Your answer must be the exact lines below, starting with the line with "可以看到ping或ssh-i" and going on through the line with "Graziosa camicetta primaverile", both included, with no pictures.

*** Opening of PROVIDED RECORDS ***

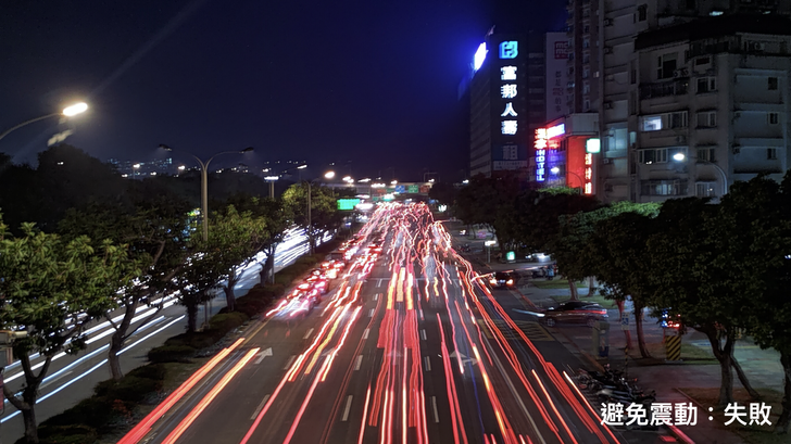 如果震動問題沒有被控制好,拍攝後就會發現,光軌有扭曲或波浪狀。若像我們這次在行人天橋拍攝,便容易受到大卡車經過、其他行人路過天橋、強風……等,造成的晃動所干擾,因此選址、場勘的重要性尤為重要。
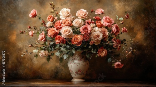 flower, rose, bouquet, vase, still life, floral, arrangement, vintage, antique, art, decorative, beauty, elegant, romantic, love, gift, wedding, pink, orange, peach, red, cream, nature, garden, decor, home, interior, style, design, pretty, beautiful, painting, photo, realistic, detail, closeup, classic, luxury, ornate, ceramic, porcelain, textured, brown, gold, rustic, decoration, high, quality, display
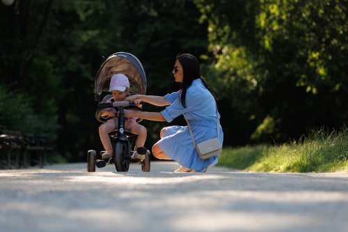 Nová verze QPlay Rito, díky které budou jízdy s vaším děťátkem ještě krásnější a zábavnější! Aktualizovaný rám s černým hliníkovým rámem, nová kola se sportovním designem, sluneční stříška s rozšířením, vhodná pro děti od 10 do 72 měsíců.
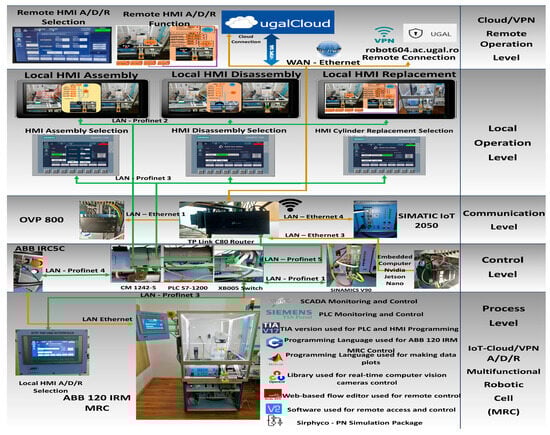 The flexible A/D/R operations performed by MRC consist of the assembly of two workpieces (WP1, WP2), disassembly, and replacement of cylinders with the recovery of parts for reuse [4]. The control structure, shown in Figure 2, is multilevel as follows: (1) Cloud/VPN remote operation level, with SCADA, remote HMI A/D/R, and remote HMI selection A/D/R for remote monitoring and control of assembly, disassembly, and replacement. (2) Local operation level, with SCADA, local HMI A/D/R, and local HMI selection A/D/R for local monitoring and control of assembly, disassembly, and replacement. (3) Communication level with video processing unit (VPU) OVP 800, Wi-Fi router, TP-Link Archer, and SIMATIC IOT2050 as the primary SCADA edge device that connects the various subsystems to the display devices or to the cloud. (4) Control level with the ABB IRC5C controller of ABB 120 IRM, PLC S7-1200 as main control unit, together with the Switch Ethernet Simatic SCALANCE XB005, SIEMENS CM 1242-5, and SINAMICS V90 for conveyer control, and NVIDIA Jetson Nano, a small, powerful computer for embedded applications that delivers the power for remote SCADA monitoring and control. (5) Process level with the ABB 120 IRM with an electric gripper that ensures the handling of parts inside the cell, and HMI KTP 700 as the local HMI selection of A/D/R MRC. Next to the MRC, the software packages used are listed along with their usage.
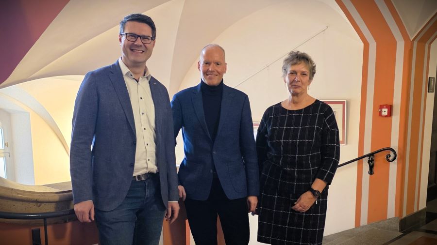 Oberbürgermeister Sven Liebhauser (links) und Carola Pönitz, langjährige Geschäftsführerin der Seniorenhaus „Am Südhang“ gGmbH in Technitz, stellten gemeinsam den neuen Geschäftsführer des Hauses, Tobias Schnecke, vor. (Foto: Maria Fricke)
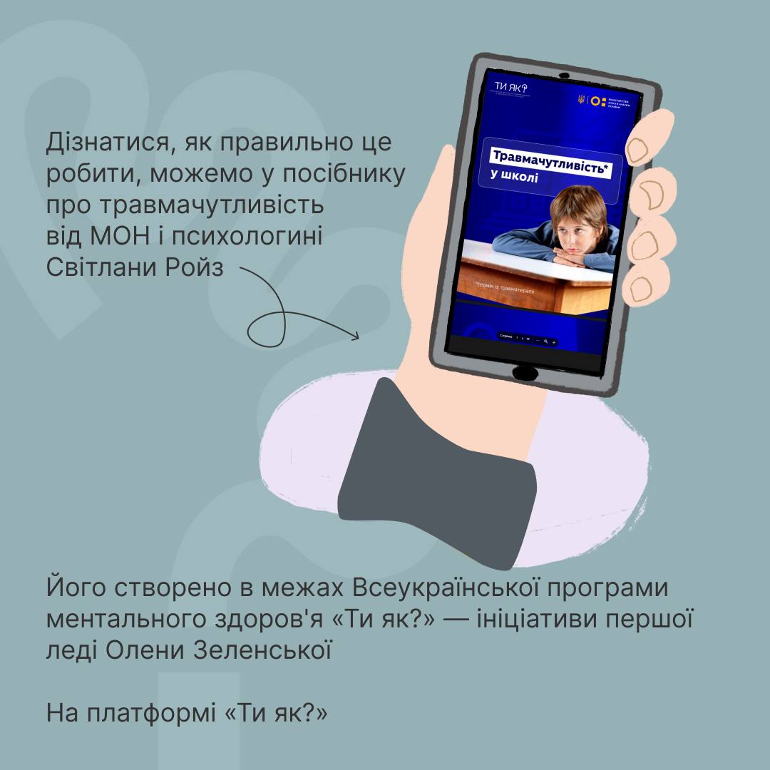 А поради щодо травмачутливості для вчителів, батьків і опікунів є у посібнику від Міністерство освіти і науки України і психологині Світлана Ройз — на платформі «Ти як?» Всеукраїнської програми ментального здоров'я за ініціативою Олена Зеленська
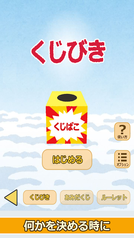 3 işlevi kullanabilirsiniz: "Piyango", "Amidakuji" ve "Rulet".
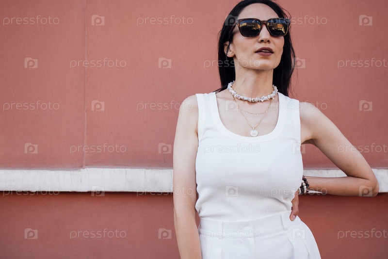 Стильная женщина в солнцезащитных очках и белом топе уверенно позирует на текстурированной розовой стене, демонстрируя современную моду и эстетику городского образа жизни
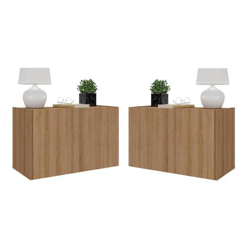Kit 2 Mesas de Cabeceira Suspensas 2 Portas Multimóveis MP4137 - Marrom
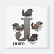 Four different juncos perch upon a slate-coloured letter J. You can totally customise this gift! Move the design around, change the background colour or style, add your own text or images -- make it your own!
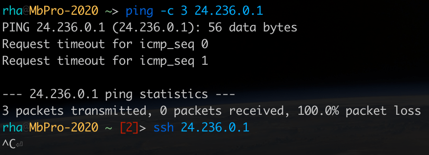 可以看到ping或ssh-ing IP都无法连通,在防火墙实时日志中也能看到流量被阻止。
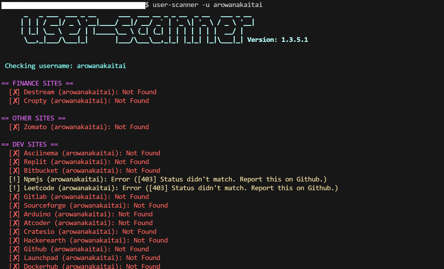 $ user-scanner -u arowanakaitai
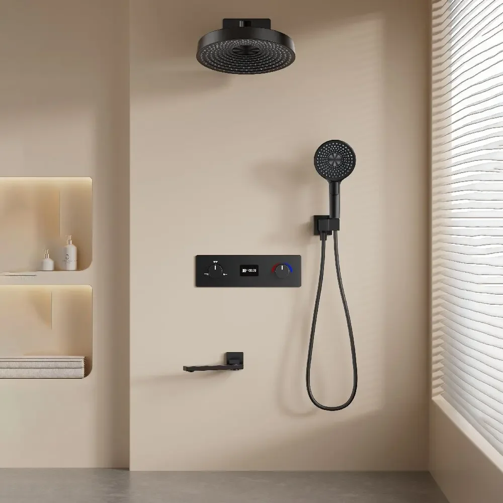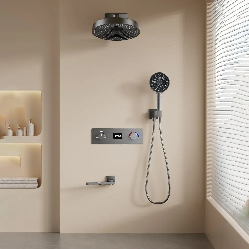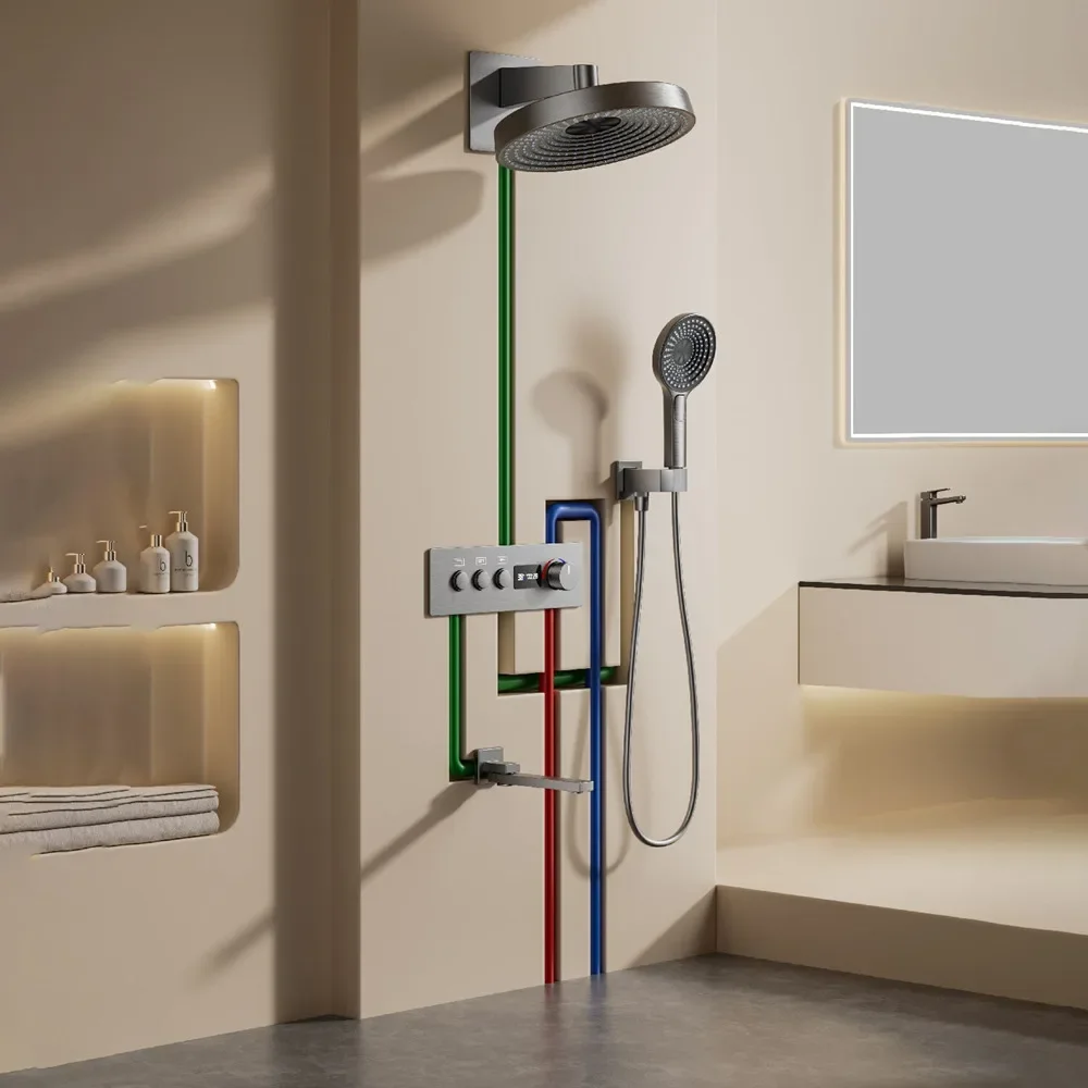 Grey Thermostatic Bathroom Shower Faucet in Wall Black Bath and Shower Faucet Set Thermostatic Mixer Bath and Rainfall Shower
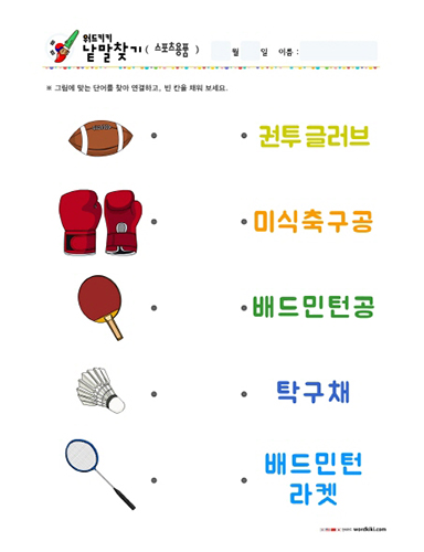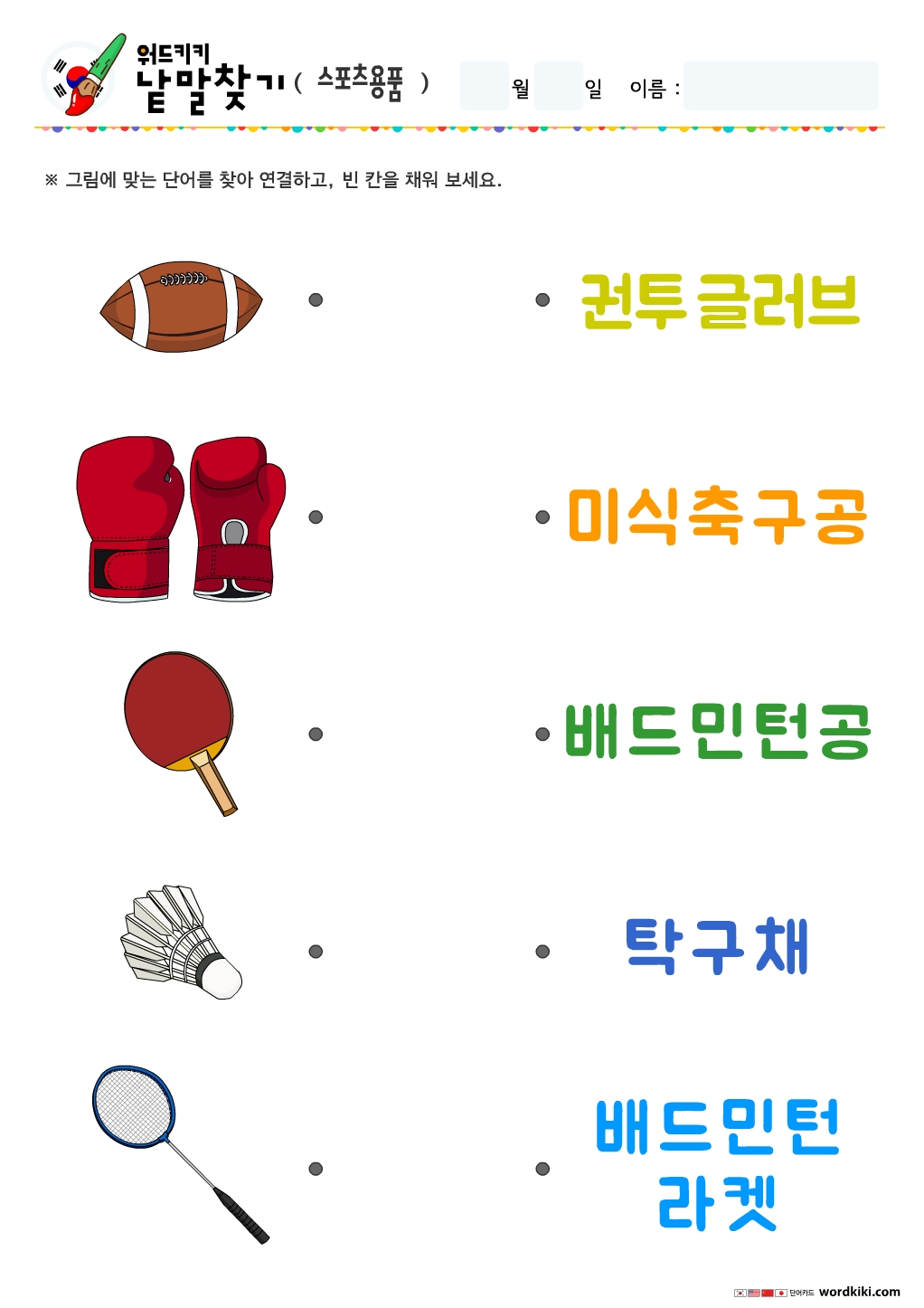 스포츠용품 단어에 알맞는 그림을 찾아, 선긋기와 단어쓰기를 한번에!
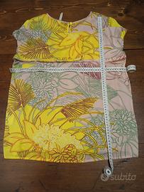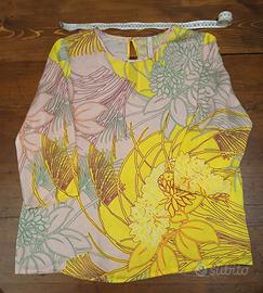 Graziosa camicetta primaverile fantasia floreale sfondo giallo e rosa in seta sintetica
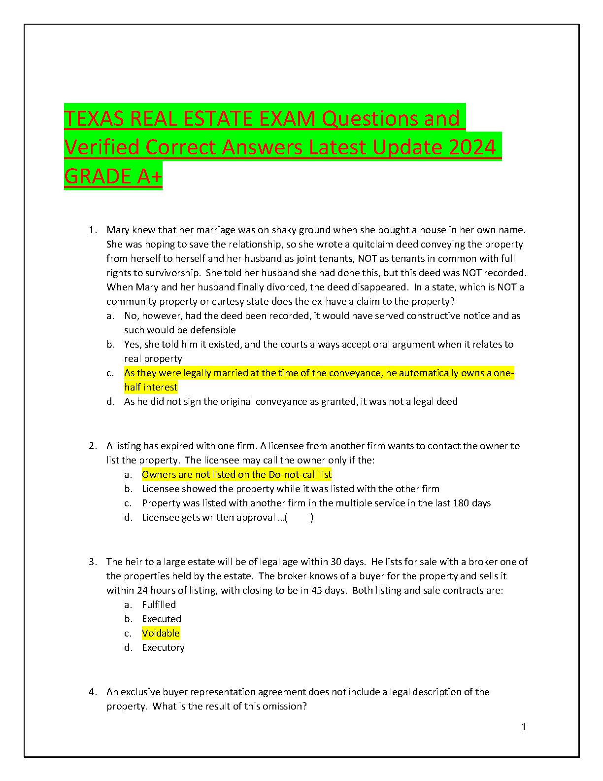 Texas Real Estate Exam Questions and Answers Latest Update 2024 - Grade A+
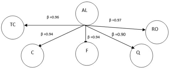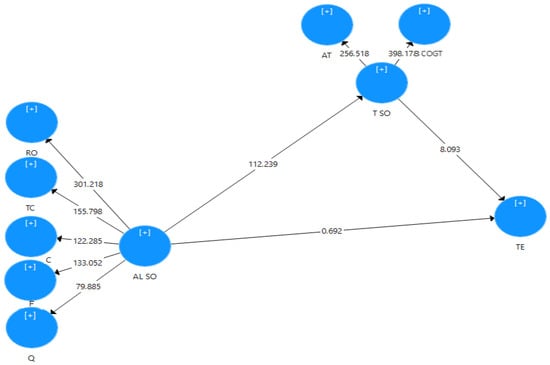 The Preacher and Hayes [78] technique was used for testing the indirect effects among variables. The mechanism of the mediation process is as follows: Y is a variable affecting as a mediator if X affects Y, X affects Z, and Y significantly affects Z when controlling for X, and the effects of X on Z reduce significantly when Y is placed in the model simultaneously with X as an interpreter of Z [78]. Table 5 shows the results of hypotheses, including paths, betas and significance levels. Regarding the direct effects of AL, the results demonstrated that AL was not significantly associated with TE (β = 0.07; p > 0.05), and H1 is not supported. However, the findings provide empirical evidence in support of a direct relationship between AL and T; hence, H2 is supported (β = 0.96; p < 0.01). Moreover, the results showed that T was significantly and positively associated with TE (β = 0.81; p < 0.01), fully supporting H3.

*** Close of PROVIDED RECORDS ***

> _WORKED SOLUTION_:
 可以看到ping或ssh-ing IP都无法连通,在防火墙实时日志中也能看到流量被阻止。
 $ user-scanner -u arowanakaitai
 Grey Thermostatic Bathroom Shower Faucet in Wall Black Bath and Shower Faucet Set Thermostatic Mixer Bath and Rainfall Shower
 스포츠용품 단어에 알맞는 그림을 찾아, 선긋기와 단어쓰기를 한번에!
 Graziosa camicetta primaverile fantasia floreale sfondo giallo e rosa in seta sintetica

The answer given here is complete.